# What is the oldest(non organ) keyboard writing you can think of?



## clavichorder (May 2, 2011)

I just ran across sheet music by Antonio De Cabezon at the library. That's pretty archaic stuff! I have only heard it on recording, I'd love to play around with it myself. This is circa 1570, when the collection was published. I wonder if there is any interesting music that goes further back originally for keyboard, or contemporaneously transcribed from vocal or organ works to keyboard?


----------



## Renaissance (Jul 10, 2012)

Sebastian Virdung - Musica getutscht (1511). I don't know if this is the oldest, since the earliest known reference to a harpsichord dates from 1397. It is supposed that a guy named Hermann Poll was its inventor.


----------



## Ukko (Jun 4, 2010)

Aside from your insinuation that organ music isn't for keyboard... the harpsichord was around before 1500, was it not? And so was music notation. So... the music must be there, it's a matter of you finding it... and finding it interesting, eh?

[Hey, if I can't harass my friends, what's the point of going on?]


----------



## ComposerOfAvantGarde (Dec 2, 2011)

*Ligeti:* Basso Ostinato (1941)


----------



## Morganist (Jul 14, 2012)

clavichorder said:


> I just ran across sheet music by Antonio De Cabezon at the library. That's pretty archaic stuff! I have only heard it on recording, I'd love to play around with it myself. This is circa 1570, when the collection was published. I wonder if there is any interesting music that goes further back originally for keyboard, or contemporaneously transcribed from vocal or organ works to keyboard?
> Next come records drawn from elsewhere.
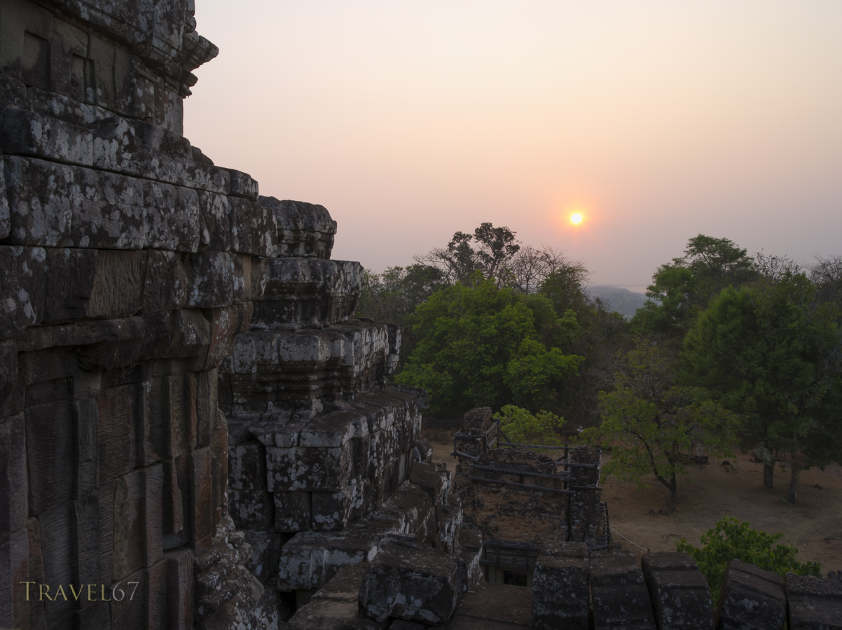 Angkor Wat is the most popular place in Siem Reap to see the sunrise. For sunset the title is held by Phnom Bakheng. The temple is on the top of a small hill overlooking the surrounding forest and the Western Baray.
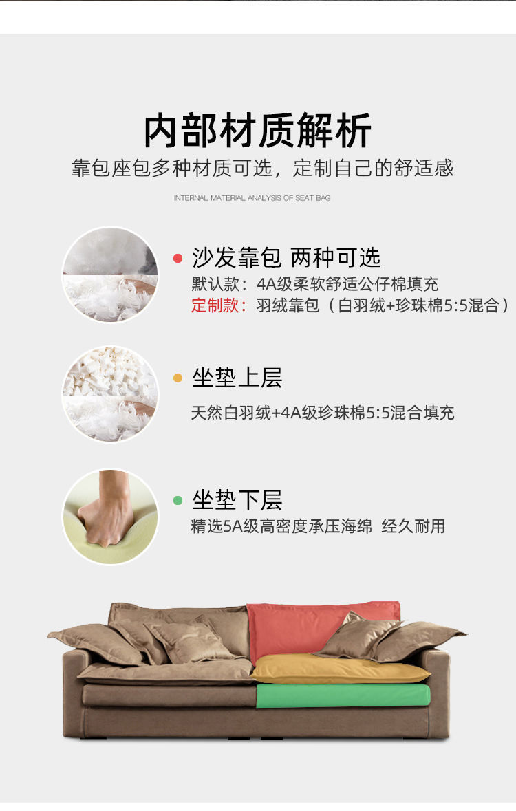 Công nghệ vải bọc sofa vải phòng khách siêu mềm hàng thẳng ba người căn hộ nhỏ xuống ghế lớn sâu phong cách Ý nhẹ nhà sang trọng
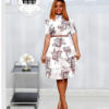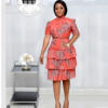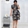 Fleepmart Women Printed Cake Dress Short Sleeves with Bowtie Ruffle Elegant Office Ladies African Female Knee Length Modest Robes Vestidos

Hi this is my first post here. But I think the oldest piece would be Mi Lady Carey's Dompe or a piece similar when one had uses a reacurring tune will the other hand follows a melody. It sounds very middle ages and very enchanting.

Here it is with an introduction.

http://http://www.youtube.com/watch?v=uJvucBDevyw


----------



## Morganist (Jul 14, 2012)

Hilltroll72 said:


> Aside from your insinuation that organ music isn't for keyboard... the harpsichord was around before 1500, was it not? And so was music notation. So... the music must be there, it's a matter of you finding it... and finding it interesting, eh?
> 
> [Hey, if I can't harass my friends, what's the point of going on?]


There is a difference to an organ in that it makes music through pipes rather than metal strings that are struck. I think that is the separating point of the OP's comment.


----------